The Palace of Axayacatl, also known as the Old House of Moctezuma, (Palacio de Axayácatl) is the name of a pre-Hispanic residential complex composed of interconnected palaces. The complex served as the royal palace and chambers of Tenochtitlan's sixth emperor Axayacatl, and later as the residence of Hernán Cortés.

Only ruins of the Palace exist today.

== Aztec history ==
The Palace was built during the reign of Axayacatl (1469–81), and it was completed no later than 1479. During his life, Axayacatl used the palace as his main living quarters.

The Palace was then passed down to Axayacatl's son Moctezuma II in 1481, and he lived there until he moved into the "New Houses" built specifically for the ninth emperor. While he lived at the Palace, Moctezuma kept hundreds of objects made from gold and jade on display which were later melted down by the conquistadors.

== Colonial history ==
Moctezuma housed conquistador Hernán Cortés within the Palace in 1519; within months, he had converted the building into a massive fortress with embrasures for cannons and crenels for musketeers. Here, he imprisoned several Mesoamerican rulers including Moctezuma II, who was put under house arrest in the hopes that Cortés could rule through him. In May 1520, several of these rulers were killed during a religious festival at the Palace.

After Moctezuma II died within the grounds of the Palace in 1520, the Palace was demolished around 1521 and rubble from the demolished palace was used by Alonso García Bravo to construct a new residence for Hernan Cortés between c. 1521–25. The building then became the seat of the first cabildo government of Mexico City in 1525. Cortés used the building until 1530 and it stayed within his family until 1562, when it was acquired by the Spanish crown.

The main office of the pawnshop known as the Nacional Monte de Piedad was built on the site between 1774–77, and they acquired the site in 1836.

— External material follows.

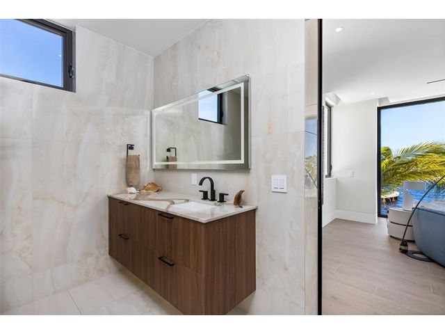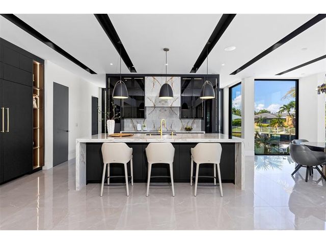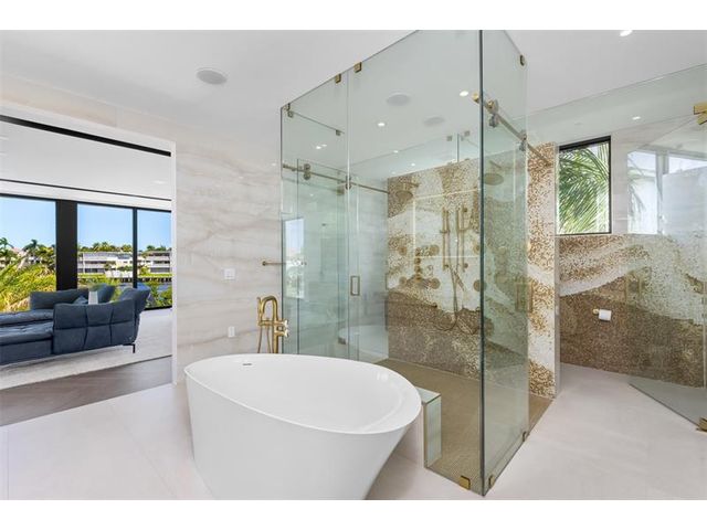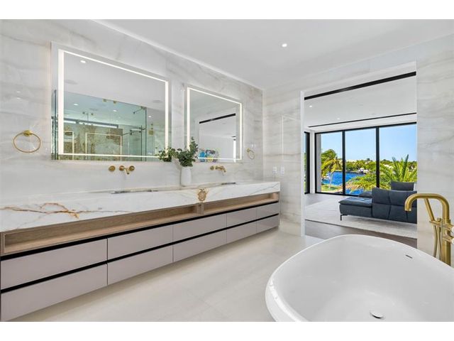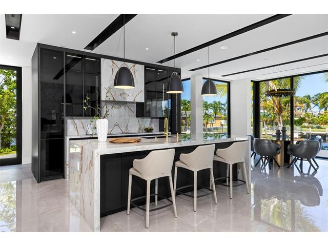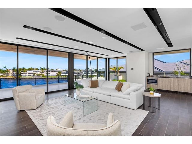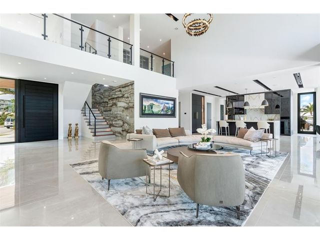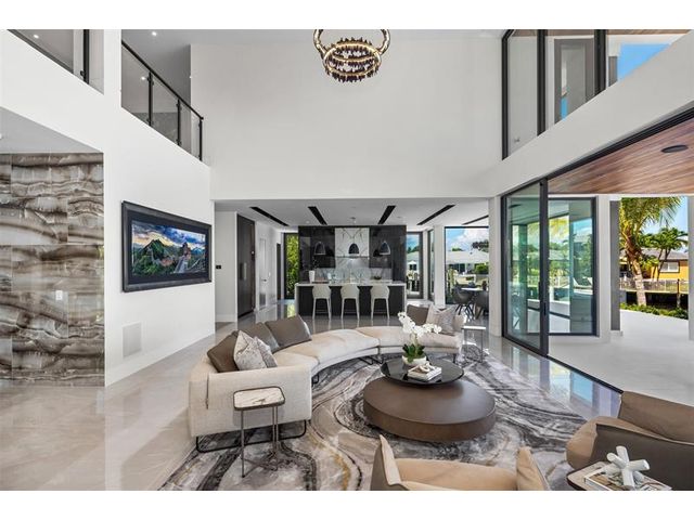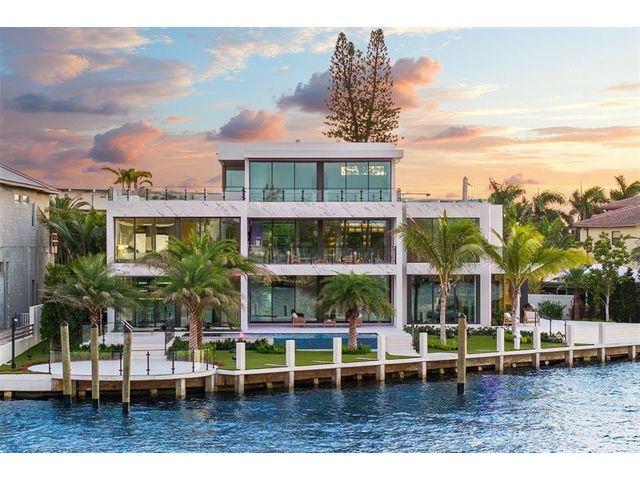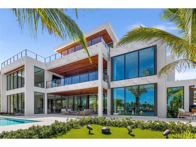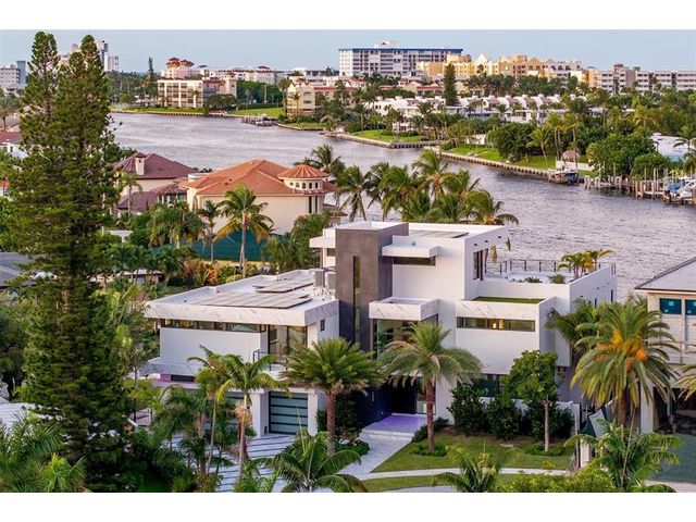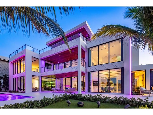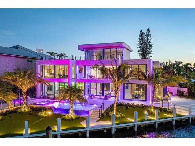 This 3 story custom masterpiece has it all. Passing through the oversized pivot door, you are greeted with double high ceilings & oversized glass sliders offering a picturesque long-water view. The homes design makes the most of the lot, providing breathtaking views from almost every space across all 3 floors. An elevator provides easy access & your garage has ceiling height to allow for a lift (up to 6 cars). A Control 4 system manages your full spectrum Color-Beam lights & concert quality sound. Your concrete dock offers 3 Power Pedestals & 140'+ straight to accommodate your yacht(s). A summer kitchen complete with smoker, ice maker, & fridge right outside your kitchen. A full-home Generac Solar system w/ 3 power banks provides further peace of mind. Home is wired for Lutron Shades.

== Discovery and excavation ==
In September 2017, during renovations at the main office of the Nacional Monte de Piedad, workers discovered pre-Columbian basalt ruins underneath the floor of the modern pawnshop building. By August 2018, archaeologists Raúl Barrera Rodríguez and José María García Guerrero had discovered a second room belonging to the Palace.

== Description ==

=== Description of the Palace ===
The Palace was likely a large building with an outdoor courtyard area.

=== Surviving ruins ===
The surviving ruins of Cortés' residence consist of a basalt floor, columns, and walls reaching no higher than 3 m that date to around 1521 which incorporated older stonework from the Palace, indicated by several reworked glyphs such as a depiction of Quetzalcōātl. Underneath these ruins, an older paved basalt floor was found, which belonged to the Palace courtyard.

The site is several layers deep because the Spanish colonials built Mexico City on top of the Aztec buildings.